В деканате, как обычно, потоками студентов-просителей рулила деканша Галина Шамхаловна Резвая – женщина сколь крошечная, столь и решительная. Ее очарование не портили ни приказной тон, ни стол, заваленный бумагами.

– Кофе или марсианский цикорий? – спросила она, едва завидев подругу.

– Цикорий, – отозвалась Елена, – тем более ты его и варишь.

– Из вежливости положено спрашивать, – обиделась Резвая. – Я могу что угодно сварить и на голове, как африканская принцесса, вынести. Как твои «дети»?

– Сидят, готовятся.

Мягкие пары́ уже наполняли комнату. Цикорий выращивали в марсианской колонии Новое Неро. Когда делили Красную планету и сбрасывались на ее терраформирование, мы, как всегда, опоздали – долго думали. Поэтому нам достался не самый лучший кусок – очень влажный после парникового эффекта, почти болото. Что с ним делать, никто не знал, раздали садоводам, а у тех ничего, кроме странного голубоватого цветка из-под Ростова, не принималось. Кто бы мог подумать, что на марсианских почвах цикорий приобретет небывалый вкус, начнет пахнуть ванилью, коньяком и миндальной крошкой. Его и раньше-то считали целебным, а теперь – мертвого из гроба поднимал. Поэтому все прогрессивное человечество глушило по две кружки по утрам, изобрело десятки способов заварки, смешивало с корицей и молотыми кофейными зернами, подавало в чашечках, пиалах, бокалах и даже костяных рожках альпийских коз (извращение, но высокого уровня). Важно, что потомки дачников давно стали плантаторами, завели сотни роботов-сборщиков, озолотились и развивали планы экспансии на спутники Сатурна – эксперимент-де показал, что новая земля Япета даст цикорию третью жизнь.

– Пить или не пить? – Галя бухнула перед носом подруги увесистую кружку.

– Ехать или не ехать? – парировала Коренева. – Решила, наконец? Луна или море Норденшельда?
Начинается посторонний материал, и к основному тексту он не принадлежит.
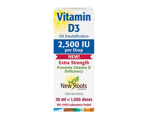 New Roots Herbal’s Vitamin D3 supplies the biologically active form of vitamin D. Vitamin D3 is critical for the absorption and regulation of calcium and phosphorus levels necessary for strong bones, teeth, and nails.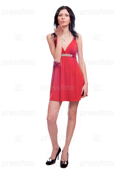 Молодая девушка в красном платье посылает воздушный поцелуй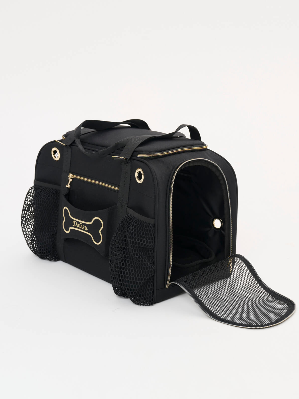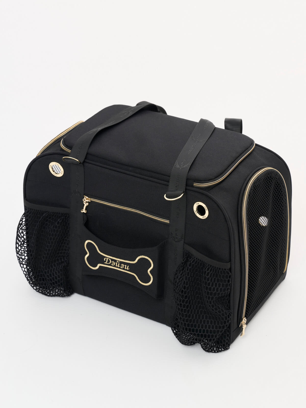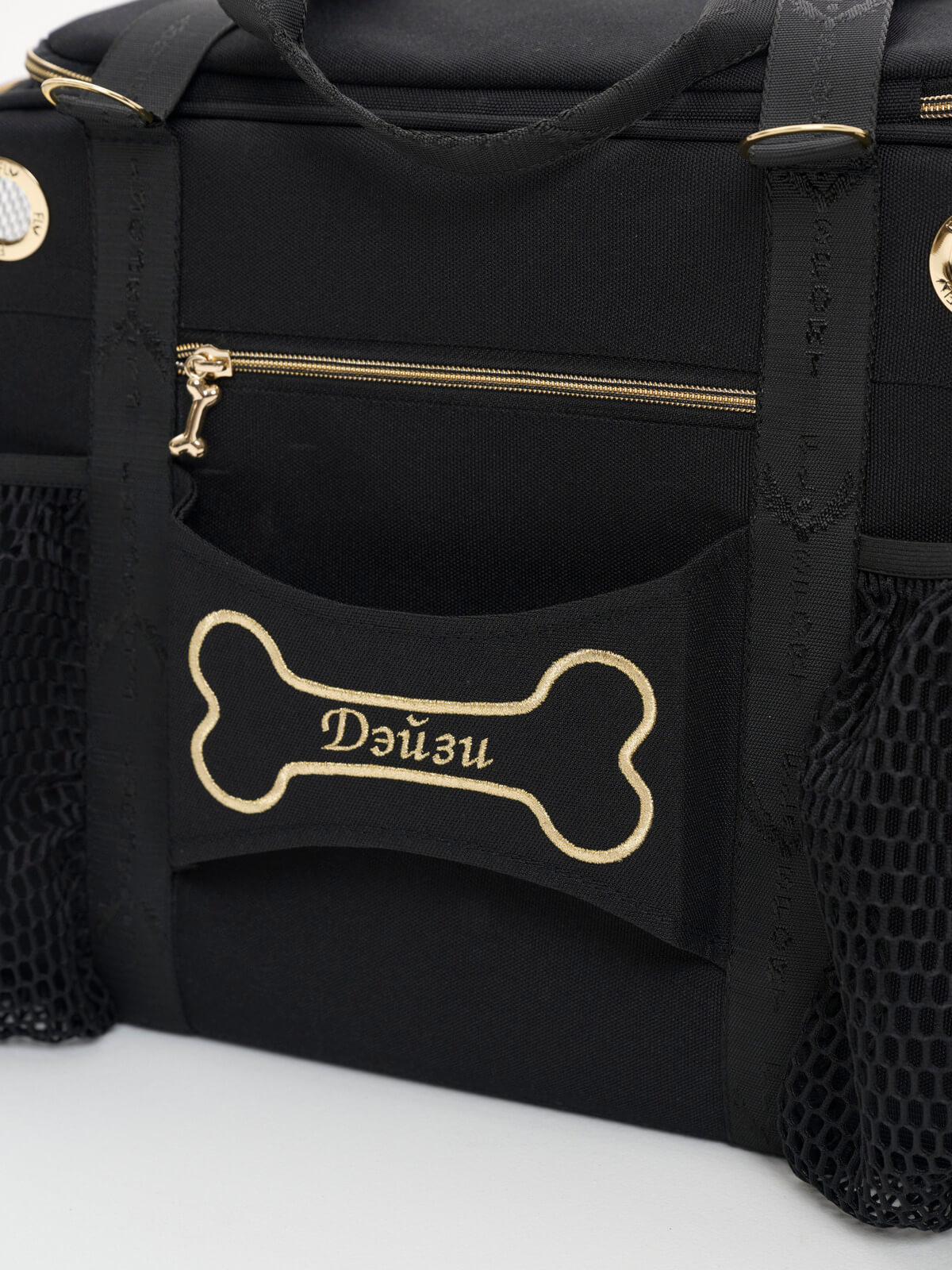 This accessory is not only comfortable but also fashionable – your pet will definitely not go unnoticed during walks and trips. The fittings are crafted in the shape of gold bones. You can also embroider your pet's name (the hoop size is limited to six letters!). Inside, there are convenient pockets for diapers, water bottles, and bowls. Quick access is available for petting and soothing your beloved pet.

Шамхаловна, давай, каникулы ждать не станут.

Деканша пригорюнилась. Она выцарапала две горящие путевки в разных направлениях и напоминала буриданова осла. Луна, конечно, старый курорт. Уровень обслуживания мировой. Но и цены… Зато северные акватории, как теперь называли все побережье России, полвека назад подвергшееся интенсивному затоплению, предлагали сказочный список услуг по баснословно низкому курсу. Раскручиваются. Их можно понять.

Таяние арктических льдов заметно изменило рельеф. Море Норденшельда, переименованное при Советах в годы борьбы с иностранными фамилиями в море Лаптевых, не просто вернуло старое название – оно разлилось, войдя в поймы рек, выпустив солоноватые воды на луга и пастбища. Братья Лаптевы теперь распластали свое имя к востоку, закрывая собой не то непомерный залив, не то «союзное» море Норденшельда же, границей которого стал некий донный хребет, невидимый невооруженным глазом.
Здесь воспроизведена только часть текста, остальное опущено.